Detail was also added to Nora's background. She is shown to be the sole child of a deceased mining magnate from San Francisco modeled on the "kings" of the Comstock Lode. Now diversified into lumber, railroads, etc., Nora's fortune is apparently vast and is managed for the couple by her father's former partner who lives in an estate on Long Island's North Shore "Gold Coast". Nora is also shown to have a network of blue-blood relatives and friends in San Francisco and New York society, while Nick is a beloved celebrity among the criminal classes and those who associate with them (such as police, athletes, nightclub owners, etc.), particularly among San Francisco and New York's Irish communities.

Hugely popular with audiences, the films employed the common murder mystery trope—familiar from English detective stories such as Agatha Christie's Murder on the Orient Express—of assembling all of the characters for the climactic revelation of the culprit. The first film appeared the year after the repeal of Prohibition, and the series is also notable for the extensive and casual use of alcohol by the main characters.

===Titles===
- The Thin Man (1934)
- After the Thin Man (1936)
- Another Thin Man (1939)
- Shadow of the Thin Man (1941)
- The Thin Man Goes Home (1945)
- Song of the Thin Man (1947)

==Subsequent adaptations==
The popularity of the film series spawned a radio program based on them, The Adventures of the Thin Man. It successfully ran from 1941 to 1950, starring Claudia Morgan as Nora, with Les Damon, Les Tremayne, David Gothard and Joseph Curtin all giving voice to Nick, depending on the season.

The television series The Thin Man ran two seasons from 1957 to 1959 starring Peter Lawford and Phyllis Kirk as Nick and Nora. The series transplanted the couple to New York's Greenwich Village, updating the 1930s big band glamour to the 1950s Beat Generation. There were 72 episodes. In 1975, Craig Stevens and Jo Ann Pflug starred in the made-for-TV movie Nick and Nora, part of the Wide World of Mystery series of TV movies.

In 1991, a Broadway musical, Nick & Nora with a book by Arthur Laurents, lyrics by Richard Maltby Jr., and music by Charles Strouse was based on the characters. Barry Bostwick played Nick, and Joanna Gleason played Nora. The chief innovation of this incarnation was to introduce strife and resentment into the relationship. After one of the longest preview periods in Broadway history, the show opened to poor reviews and closed after nine performances.

In 2009, the City Literature Theatre, a Chicago repertory company, mounted a stage production of the original Hammett novel adapted by Terry McCabe. In 2018, Vertigo Theatre in Calgary, Canada premiered a new adaptation of The Thin Man by playwright Lucia Frangione. The Charleses were played by Curt McKinstry and Nadien Chu, respectively. A mostly loyal adaptation of Hammett's novel, the character of Nora Charles was given a new backstory as the Chinese-American heiress of a silk import/export fortune in San Francisco. This added the layer of an interracial marriage between the main characters, and shone light on the systemic racism of pre-WWII America. Frangione said: "An element that was in the original novel and the film was the fact that Nora and Nick were a married couple with no children who spent their Christmas with strangers. Both joy and sorrow hold a couple together, so as a writer I had to ask myself, 'Why are they socially isolated?' Hammett and Hellman were outsiders because of race and politics. So, I decided to flesh out a story point that was already hinted at in the novel and film. Nora is a wealthy heiress from San Francisco, why couldn't she be Chinese? I have always sought intelligent ways to diversify my casts. We live in a multi-racial society, that should be reflected on stage."
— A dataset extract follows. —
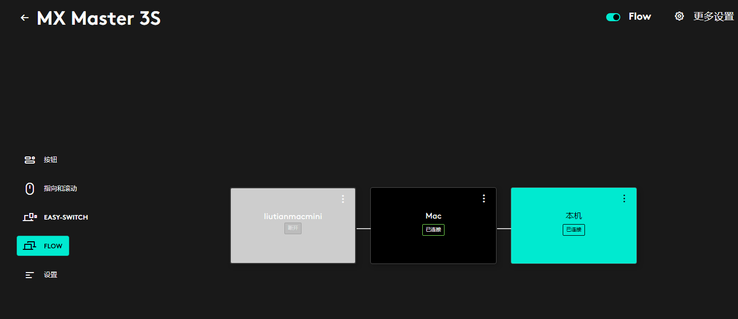 上周四下午布置完会议室,我开始捣鼓 Logi Flow:在 MacBook 上打开 LOGI OPTIONS+,点击左侧「FLOW」时,软件自动搜索到隔壁工位台式机的信号。两台设备都点击「设置 FLOW」后,我故意把鼠标光标移到 MacBook 屏幕右边缘 —— 眼睁睁看着光标像穿过一层水膜似的「滑」到了台式机屏幕上,那一刻鸡皮疙瘩都起来了,这不就是我幻想过的「数字瞬移」吗?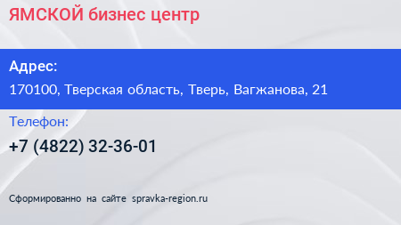 ЯМСКОЙ, бизнес-центр по адресу 170100, Тверская область, Тверь, Вагжанова, 21 в дальнейшем Организация, размещена в следующих категориях:

The Thrilling Adventure Hour stage show often featured a segment called "Beyond Belief" in which Paul F. Tompkins and Paget Brewster portrayed paranormal mystery-solving couple Frank and Sadie Doyle, who were parodies of Nick and Nora.

In 2011, it was announced that a film version, starring Johnny Depp as Nick Charles, was in development but it has since been shelved.

Nick and Nora were spoofed in the 1976 comedy film Murder by Death. David Niven played detective Dick Charleston and Maggie Smith played his wife Dora Charleston.